Oggi, dunque assistiamo a uno dei tanti esiti di questa messa all’indice costante che dura da ben cinquanta anni, interamente costruita, come insegna ogni buon apparato propagandistico, su menzogne, distorsioni, deformazioni, omissioni.

Tal Flicker, come Or Sasson prima di lui, e prima di loro altri atleti israeliani, ha, per gli arabi (e per una buona fetta dell’opinione pubblica occidentale sapientemente manipolata nei decenni) la “colpa” di essere israeliano, così come, negli anni ’40 del secolo scorso, gli ebrei europei avevano la “colpa” di essere ebrei.

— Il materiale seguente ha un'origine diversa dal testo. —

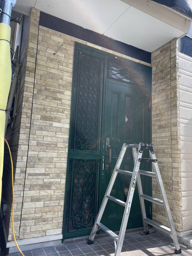 この玄関周りのサイデイングの外壁を新しく張り替えます!
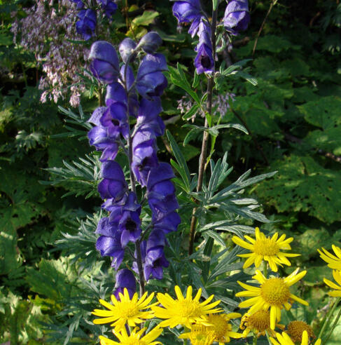 In solch einem Karrenfeld bildet sich normalerweise kaum eine Bodenauflage und nachdem das meiste Wasser durch die senkrechten Klüfte schnell nach unten abgeführt wird, ist es oft auch recht trocken. Die Schratten auf dem Besler sind jedoch immer wieder mit feiner Erde aufgefüllt und können deshalb das Regenwasser länger speichern. Dort wachsen dann verhältnismäßig anspruchsvolle Pflanzen, wie der Blaue Eisenhut. Bei ihm ist übrigens Vorsicht angesagt, denn er gilt als die giftigste Pflanze Europas. Ihm kann man im Spätsommer auch beim Abstieg zur Schönberg-Alpe begegnen. Mit etwas Glück begegnet man dort im Sommer auch einem absoluten Bergspezialisten unter den Tieren, der Gämse.

Responsabili secondo Adolf Hitler di “avvelenare il mondo” con la loro sola presenza. E Israele per i suoi nemici cos’è se non una “escrescenza cancerogena” un veleno esistenziale nel limpido cuore islamico del Medioriente e che in quanto tale necessita di essere estirpato, come ha ricordato recentemente con la sua consueta amabilità Ali Khamenei, la Suprema Guida dell’Iran?

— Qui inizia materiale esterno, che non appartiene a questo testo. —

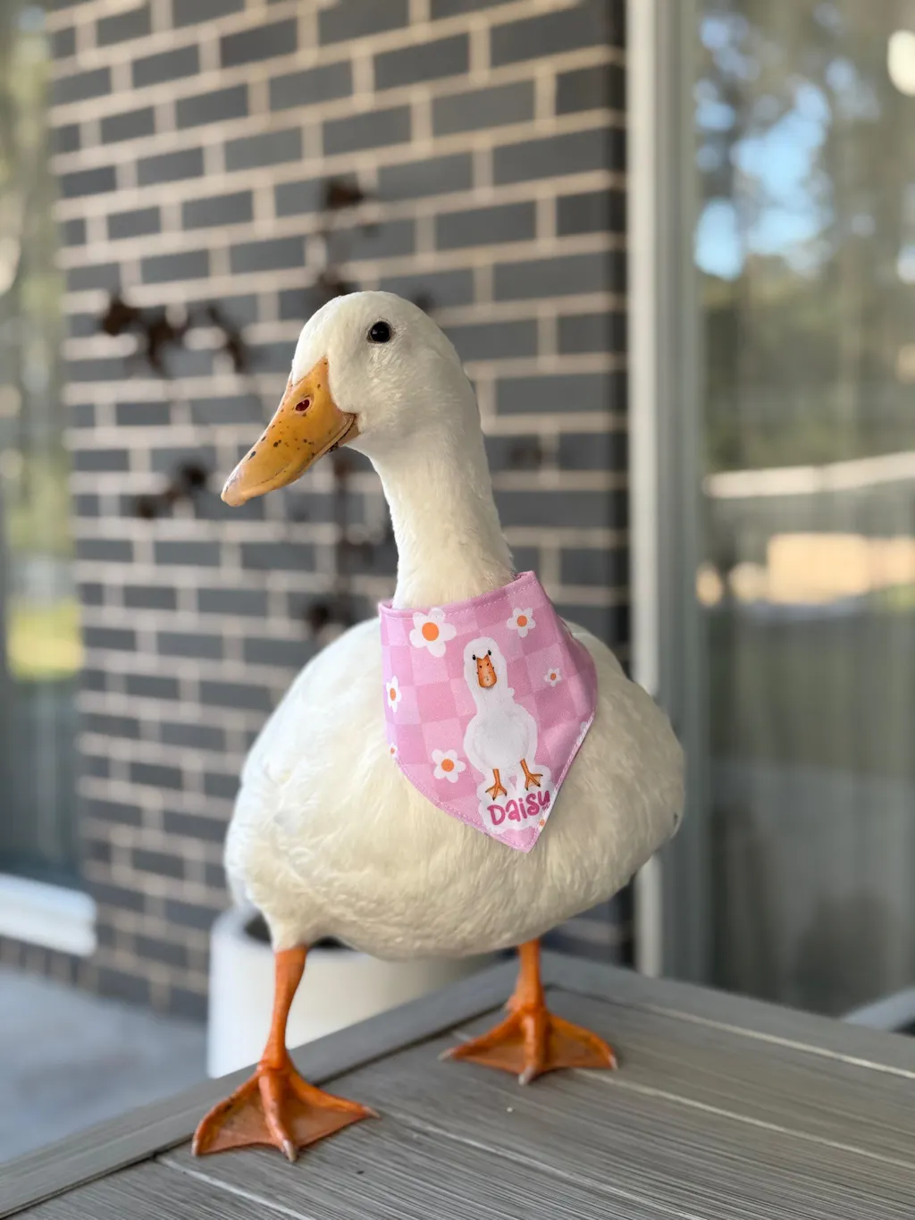 Got a bandana made for our pet duck Daisy. It’s absolutely amazing and looks so cute on her.

La “colpa” di Israele, per gran parte del mondo arabo e musulmano (e non solo di piccolo e sparuti gruppi radicali, basti pensare solo all’Iran sciita) è quella di esistere. La discriminazione degli ebrei in Europa prima e durante la Seconda Guerra Mondiale, propedeutica alla loro distruzione fisica, aleggia come un’ombra, dietro la discriminazione e la violenza morbida nei confronti degli atleti israeliani a cui si rifiutano le strette di mano, la possibilità di cantate il loro inno, di esibire la loro bandiera. Non facciamoci ingannare pensando che si tratti tutto sommato di manifestazioni marginali, insignificanti. Non è così. Il fatto che gli stati arabi e musulmani non abbiano la forza di potere distruggere Israele, al contrario della forza immane che possedeva la Germania negli anni ‘40, significa solo una cosa, che se potessero dispiegarla la userebbero senza esitazione.

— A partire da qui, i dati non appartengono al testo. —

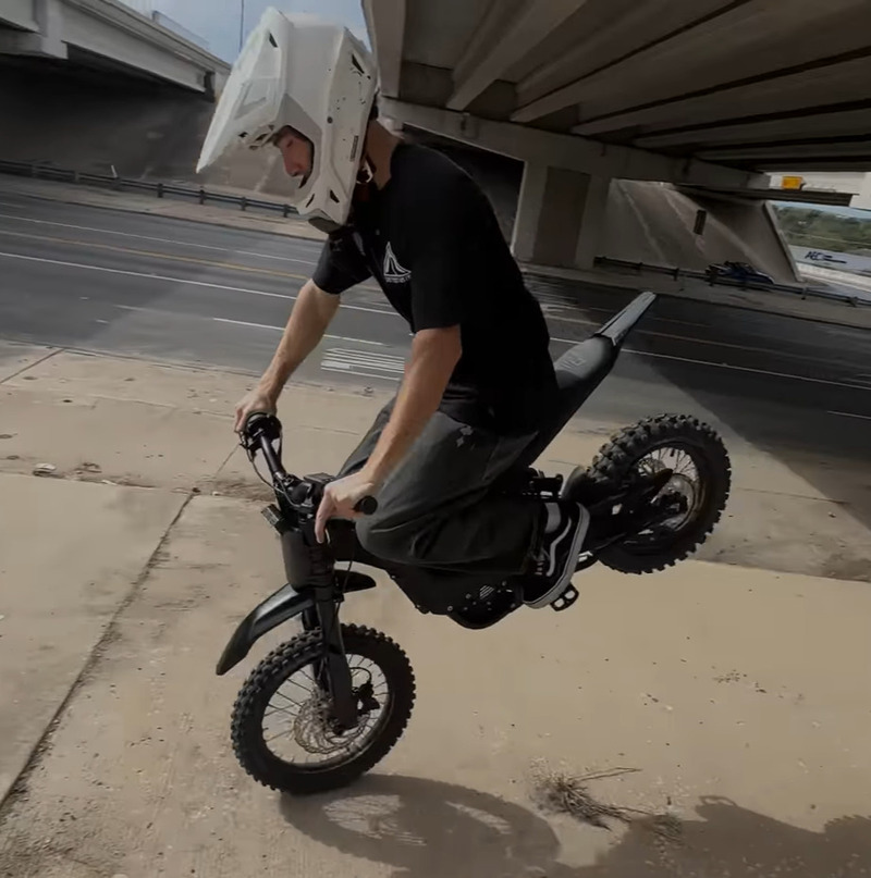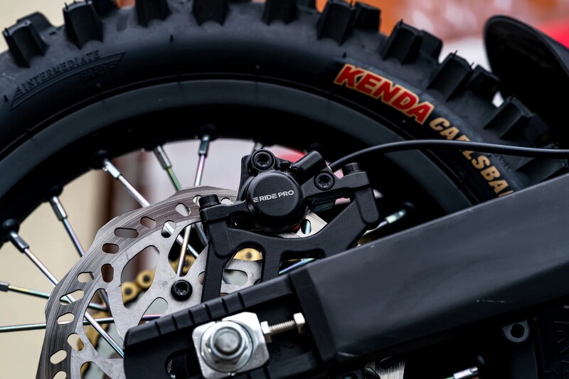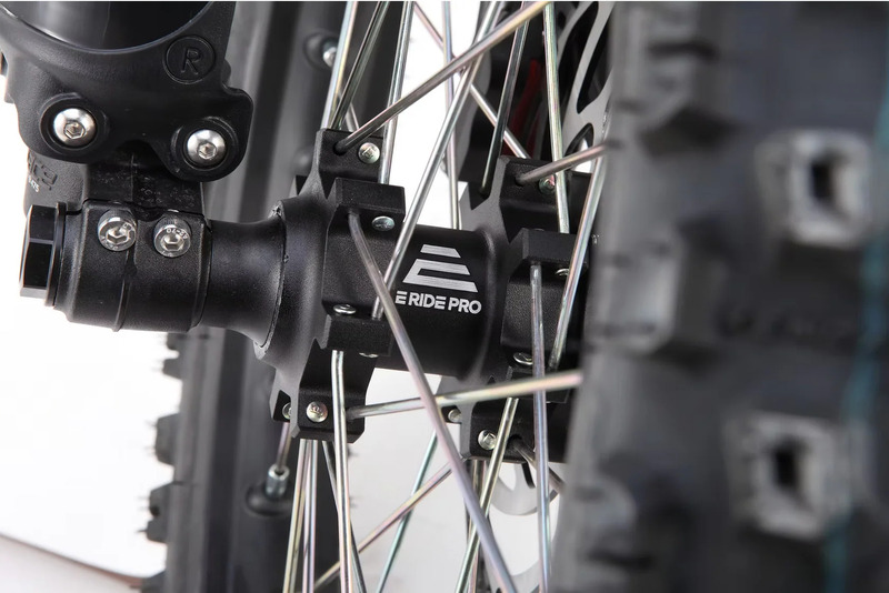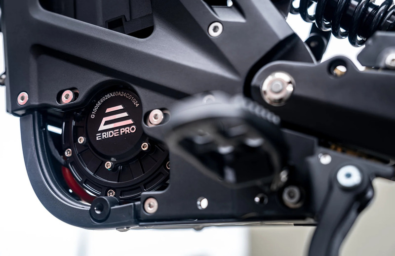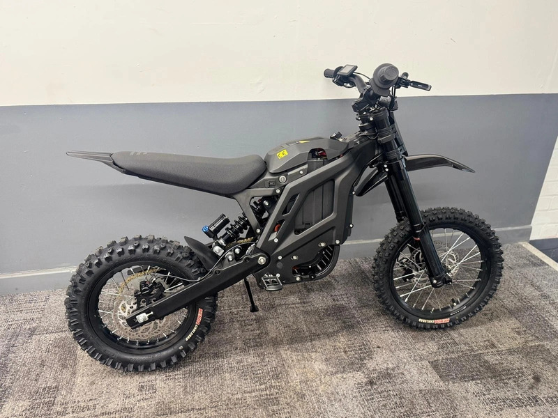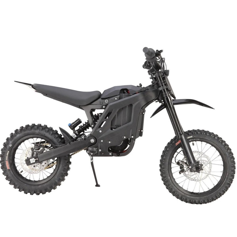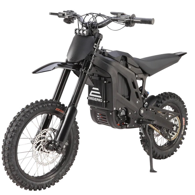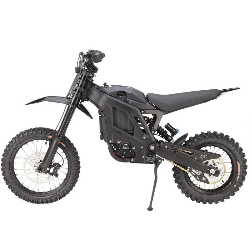 Momentan revizuiti: Pitbike Electric E RIDE PRO MINI off-road, Motor 6.000 W, Viteza maxima 75 km//h, Autonomie 130 km, Acumulator 60 V 30 Ah Li-ion Detasabil, Roti 12 inch, Full Suspension, Motocross Electric, Negru

Tal Flicker, sul podio del vincitore, canta fiero e solitario la Hatikva, la Speranza, incarnata in quel piccolo grande paese da cui viene e che rappresenta il futuro e i valori più alti dell’Occidente democratico, là, in una terra dove la memoria ebraica non si è mai scostata di un millimetro nel corso dei millenni.